Agreed it's not pretty, but unless we can think of something else. And
unfortunately there are words beginning with samekh too. Definitely
going for a two-letter form of tsade is better. Is "ts" or "tz" closer
to the correct prounciation?
> I'm not sure about the dieresis for non-dipthongs. But I noticed that
> one system uses "y",
> eg /hamayim
I've just realised I'm now seriously confused what case we're talking
about. In both hamayim and Cayin, isn't yod a consonant, so we'd
transcribe it as I just have? Or am I being dense.(Compare your
hashâmayim on the example page.) The only "aim" non-dipthong I can think
of is in the word for Jerusalem.
> /As you point out, the problem only occurs with "aim" as in Amora'im
> (and "ain" as in the name Ca'in)
> because when it is a furtive patach the combination isn't a normal
> diphthong pair (eg No'ah)
It is in English though. It could easily be read to match with "coach".

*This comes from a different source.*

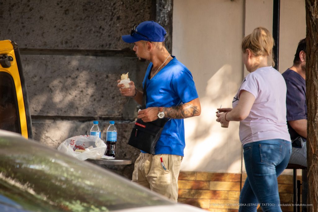 A ta dziewczyna jest wyraźnie uzależniona od tatuaży. Zostałem złapany na ganku salonu tatuażu – najwyraźniej wyszedłem się wyspowiadać. Nawiasem mówiąc, są pytania do mistrza!)

(e plus furtive patah is potentially worse - it does occur in modern
Hebrew but I don't know of one in the Bible.)
> Your point about copy and paste is really important. As you say, <u>
> won't copy and paste.
>
> I had a possible brainwave - what about small caps?
> They look OK when they are written,
> and are preserved with copy-and-paste.
> You can't always easily distinguish a small-cap vowel from the lower
> case letter
> (esp with o and u) but this doesn't matter much,
> because we aren't making distinctions about pronunciation.
> But small cap T and H look different from t and h.
> Also, we can use ")" and "(" as reduced-size superscript for aleph and
> ayin.
> These too will copy and paste in the same way someone might type them.
> Superscript "e" for shewa works OK too.
A brainwave indeed! Looks excellent. And definitely two spaces is
better. T and H nice and clear.
The one thing which I'd change is to retain the circumflexes on the
small-caps letters. This retains the long-vowel information, but also
aids readability I think - particularly for the I where if you just have
the stroke it can get confused with surrounding letters - see elohIm in
particular. (This is historically why i got the dot in the first place,
I believe.) I think the U also looks more natural with the hat - at
least in Garamond it comes out slightly smaller than the surrounding
letters, which won't be so distracting with the accent.)
On yihyeh and similar, I'd include the shewa if and only if you're meant
to sound it, which I'm not 100% sure of in this case. As the
transliteration stands, I would interpret it as two syllables "yi - yeh"
on the grounds that had the intent been for me to pronounce it " yi -
huh - yeh" the raised e would have been included.